The answer Baard arrived at provides a good basic blueprint for the many runners like him—ones with a lot of mileage on the running odometre who still want to race to the best of their ability. In Baard’s case, he was able to beat his half marathon goal by more than three minutes. Keep reading to learn the why behind Baard’s schedule, or see “Less-is-More Principles” at the bottom of this article for guidance on creating a program like Baard’s.
Biggest Bang for Buck
Baard consulted with his physical therapist as to whether he could even attempt a half marathon without the kind of running mileage he would have done in the past. “He said, ‘As long as you’re not trying to pretend it’s still 1986, go for it,’” Baard said. “But I had to promise him I’d keep the total mileage to a minimum, and take a week off from running after the race.”
Given the green light for his training, Baard followed a conservative, quality-over-quantity approach for his 14-week buildup to the half marathon. He limited himself to four runs a week, with an average weekly mileage total of 32-40.
Baard knew from painful experience that hill repeats and runs of 16 kilometres or longer would inflame the scar tissue in his surgically repaired foot. So his longest run was only 13 kilometres. “Back in the day,” he said, “I would have done 30 or 32 kilometres before a half.”
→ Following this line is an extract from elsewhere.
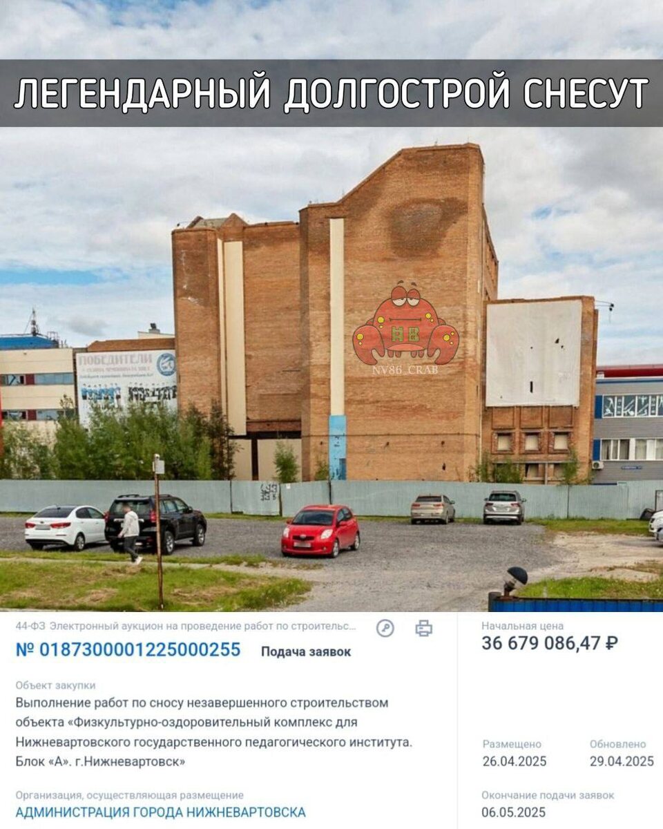 🏗 Прощай, заброшка: недостроенное здание у спорткомплекса НВГУ снесут В Нижневартовске наконец-то уберут легендарный долгострой у спорткомплекса «Нефтяник». Годы простоя сделали свое дело: конструкция обветшала, начала разрушаться и признана потенциально опасной. Тендер на снос здания уже разместила администрация города. Подрядчик должен будет полностью демонтировать объект до 30 ноября 2025 года. Стоимость работ — 36,6 млн рублей. Напомним, здание начали возводить еще в 90-х — по неподтвержденным данным, под нужды банка «Капитал». В середине 2000-х оно использовалось как рекламный щит, позже стало полноценной заброшкой. История участка до сих пор вызывает вопросы. По данным НВГУ, в 1995 году занятия велись в спорткомплексе, а рядом стоящее современное здание факультета еще не было достроено. 📷: Типичный краб Нижневартовск Подписаться | Прислать новость | Дать «буст»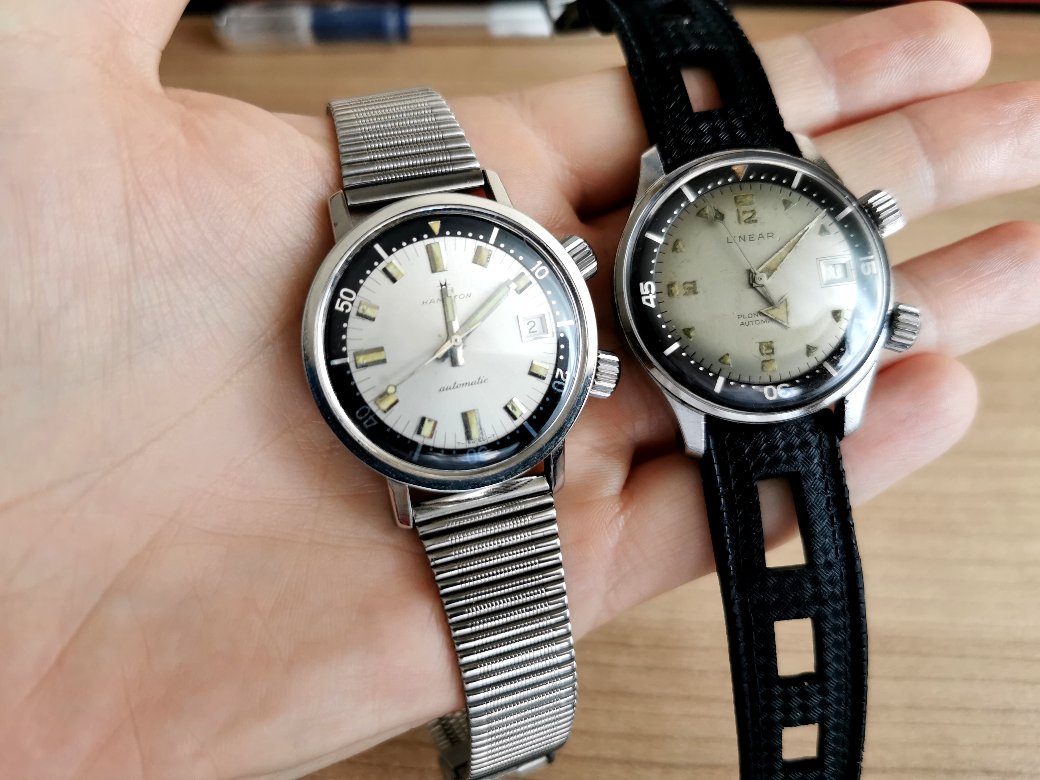 Ooooh they do seem like brothers! Seems even the lume quality has some kind of a family connection 😁 ... Movement unknown until tomorrow or Monday - I don't have the tool to open this one and it wont budge with the "8 ball/kong" method. Imagine that and I got it on an vintage tropic, took it off the moment it got here, will be waiting on an diver chrono to put it on.

For quality, Baard found he could do weekly 1,600 metre repeats (three per workout) on a treadmill without aggravating his foot. His two other running days per week were 8 kilometre treadmill runs, preceded by 30 minutes on an elliptical machine. On his non-running days, he lifted weights and did additional cross-training.
“Twenty years ago I would have sneered at this,” he said. “Training for a longer race meant running longer, running harder. No weights, no elliptical machines, no treadmills and not many off days. But I’ve changed, because I’ve had to change.”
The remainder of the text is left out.